--- Work request ---
The expected response is an exact repetition of every record, with images excluded.

--- Provided entries ---
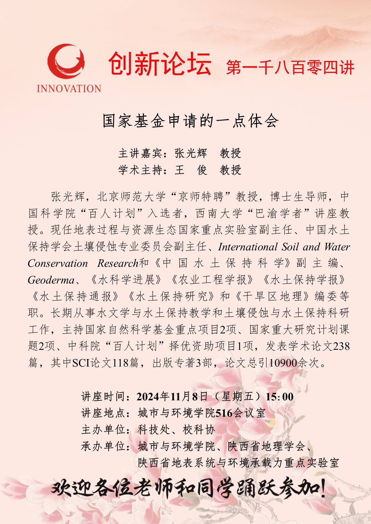 张光辉 教授 宝威体育官网首页创新论坛第一千八百零四讲:国家基金申请的一点体会 讲座时间 2024年11月8日(星期五)15:00 讲座地点 城市与环境学院516会议室 讲座人介绍 张光辉 教授 讲座内容
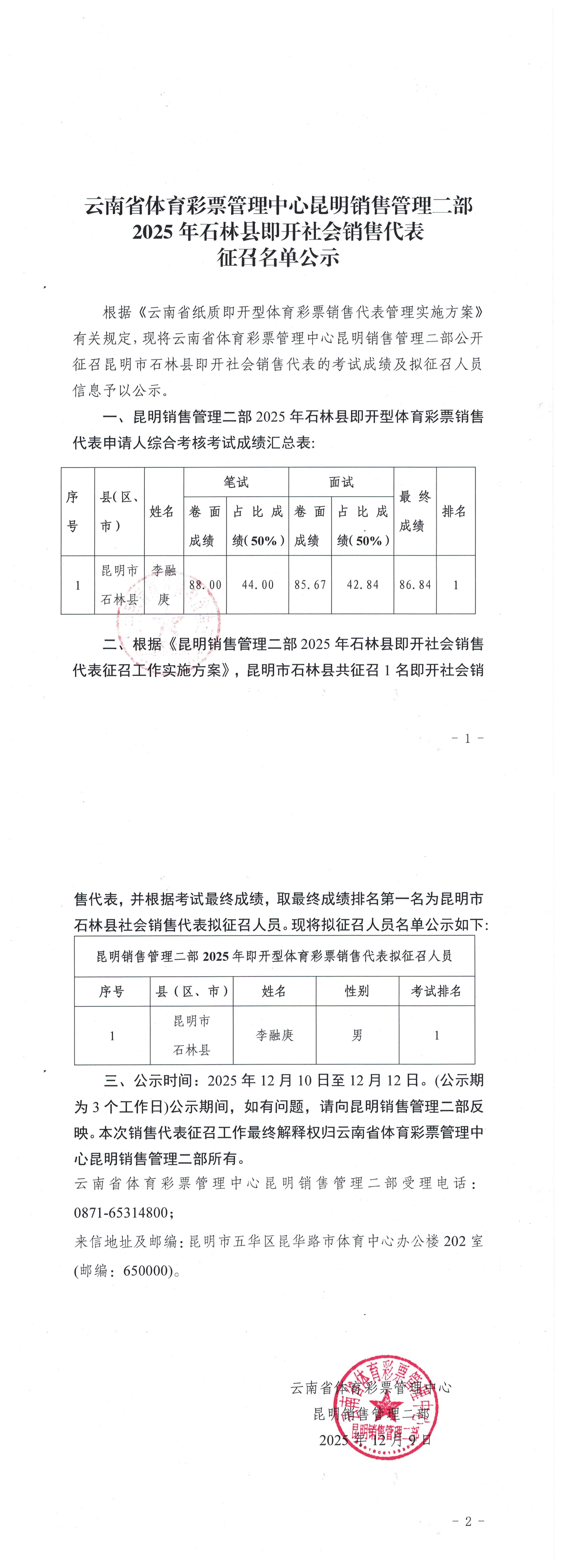 云南省体育彩票管理中心昆明销售管理二部2025年石林县即开社会销售代表征召名单公示
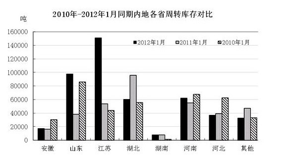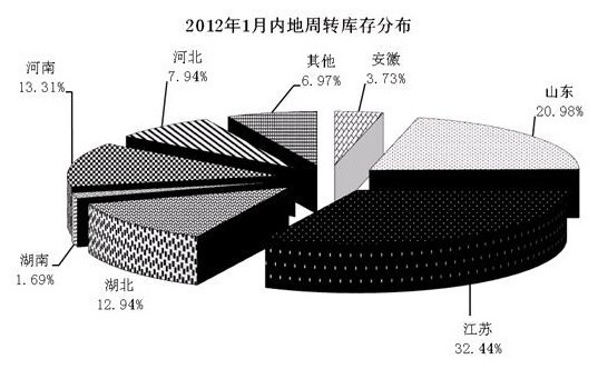 從當月內地庫存分布來看,江蘇庫存量仍為最大,接近全國1/3,其次是山東、河南和湖北。其中江蘇32%,較上月下降5個百分點;山東20%,較上月上升5個百分點;河南13%,較上月上升1個百分點;湖北12%,較上月上升2個百分點;安徽3%,較上月下降2個百分點;河北7%,較上月沒有變化。
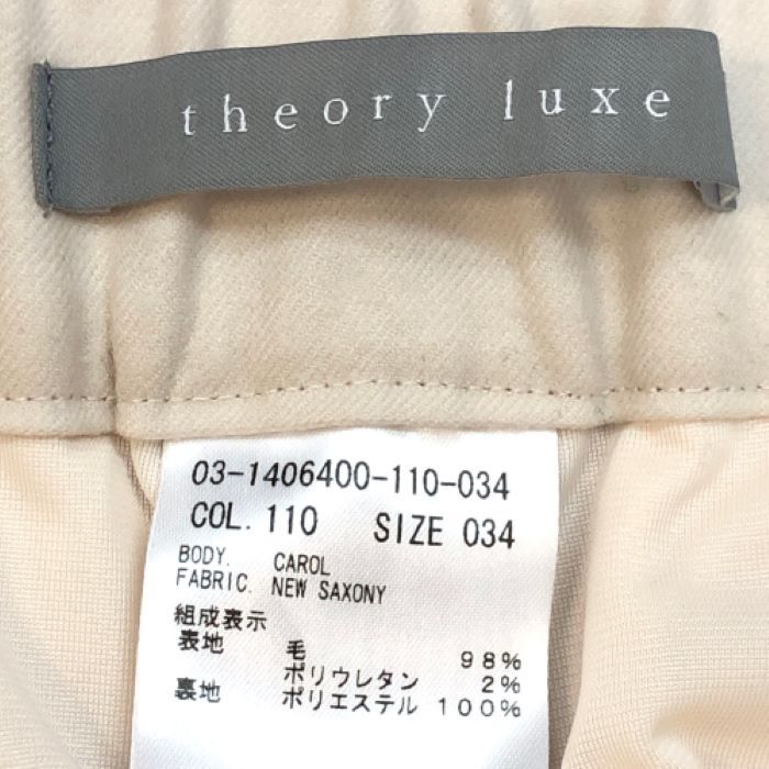 | 商品説明 | 【管理番号】 014798s 【ブランド名】 Theory luxeセオリーリュクス 【アイテム】 ウールパンツ 【サイズ】34 【サイズ】 34 平置採寸(ウエスト:約32cm総丈:約88cm 股上:約22.5cm 股下:約66.5cm・わたり幅:約24.5cm・裾幅:約15cm) 【色・柄】 アイボリー 【素材】 表地:毛98%ポリウレタン2% 裏地:ポリエステル100% 【外観ランク】ABランク 【商品補足説明】 ウエストは後身頃のみゴム仕様です。 | ||
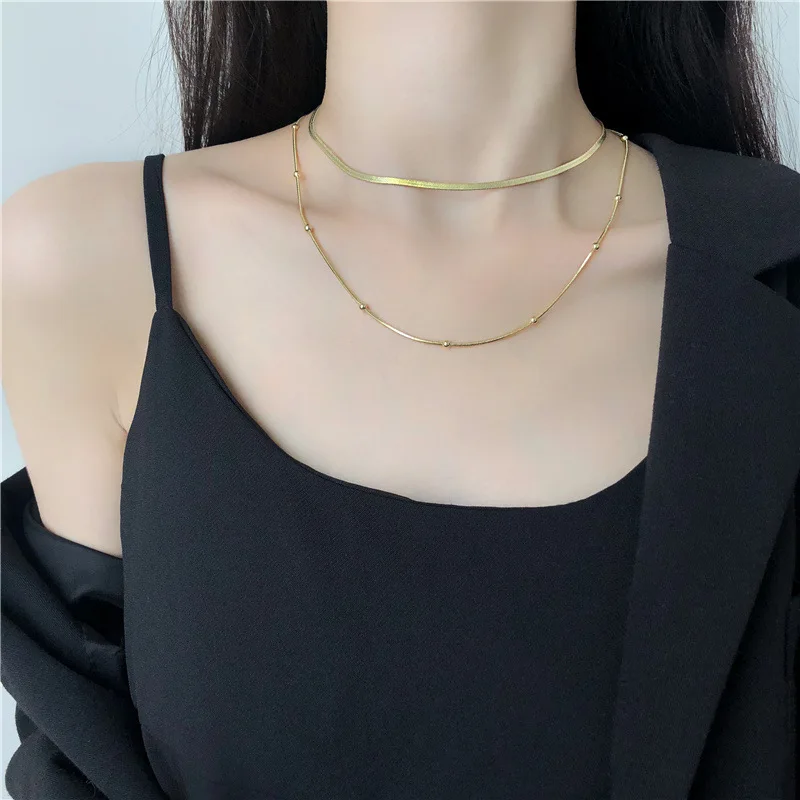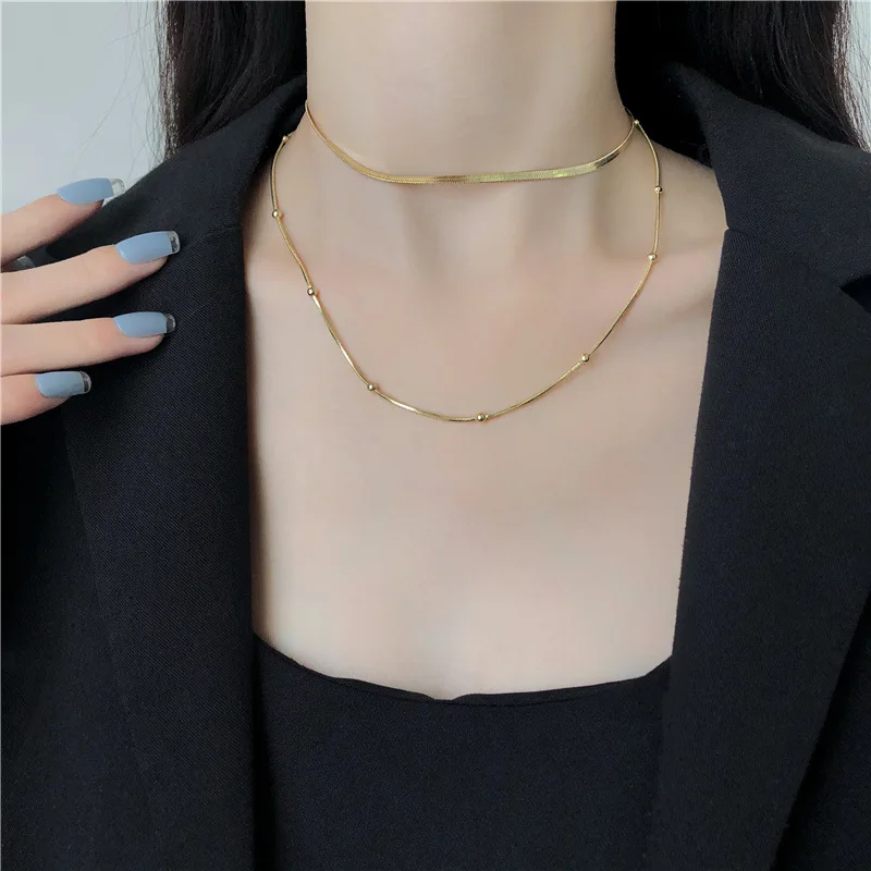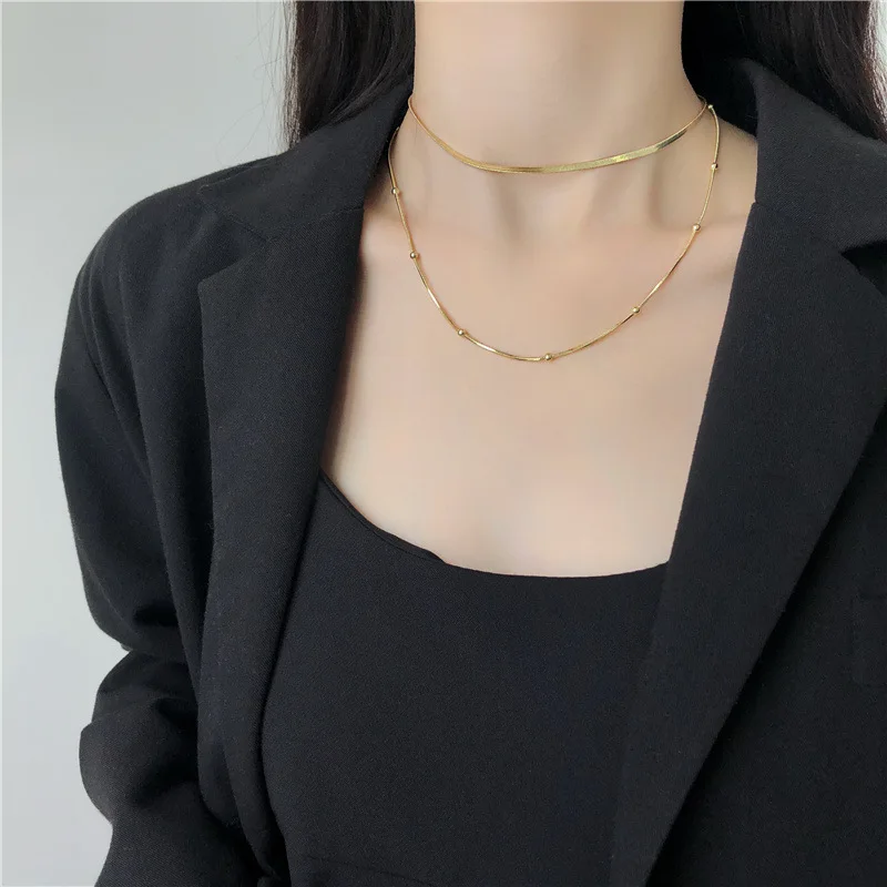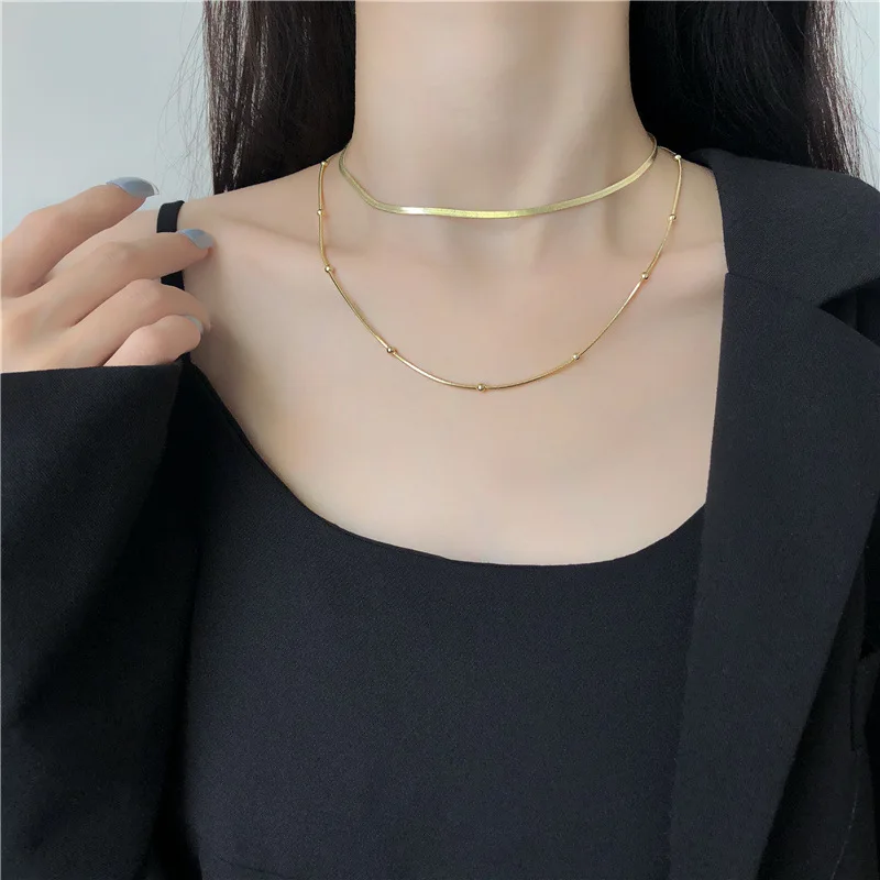 Flat cold wind snake chain necklace double contracted short chain chain of clavicle female temperament of ins small design

--- Exercise response ---
 张光辉 教授 宝威体育官网首页创新论坛第一千八百零四讲:国家基金申请的一点体会 讲座时间 2024年11月8日(星期五)15:00 讲座地点 城市与环境学院516会议室 讲座人介绍 张光辉 教授 讲座内容
 云南省体育彩票管理中心昆明销售管理二部2025年石林县即开社会销售代表征召名单公示
 從當月內地庫存分布來看,江蘇庫存量仍為最大,接近全國1/3,其次是山東、河南和湖北。其中江蘇32%,較上月下降5個百分點;山東20%,較上月上升5個百分點;河南13%,較上月上升1個百分點;湖北12%,較上月上升2個百分點;安徽3%,較上月下降2個百分點;河北7%,較上月沒有變化。
 | 商品説明 | 【管理番号】 014798s 【ブランド名】 Theory luxeセオリーリュクス 【アイテム】 ウールパンツ 【サイズ】34 【サイズ】 34 平置採寸(ウエスト:約32cm総丈:約88cm 股上:約22.5cm 股下:約66.5cm・わたり幅:約24.5cm・裾幅:約15cm) 【色・柄】 アイボリー 【素材】 表地:毛98%ポリウレタン2% 裏地:ポリエステル100% 【外観ランク】ABランク 【商品補足説明】 ウエストは後身頃のみゴム仕様です。 | ||
 Flat cold wind snake chain necklace double contracted short chain chain of clavicle female temperament of ins small design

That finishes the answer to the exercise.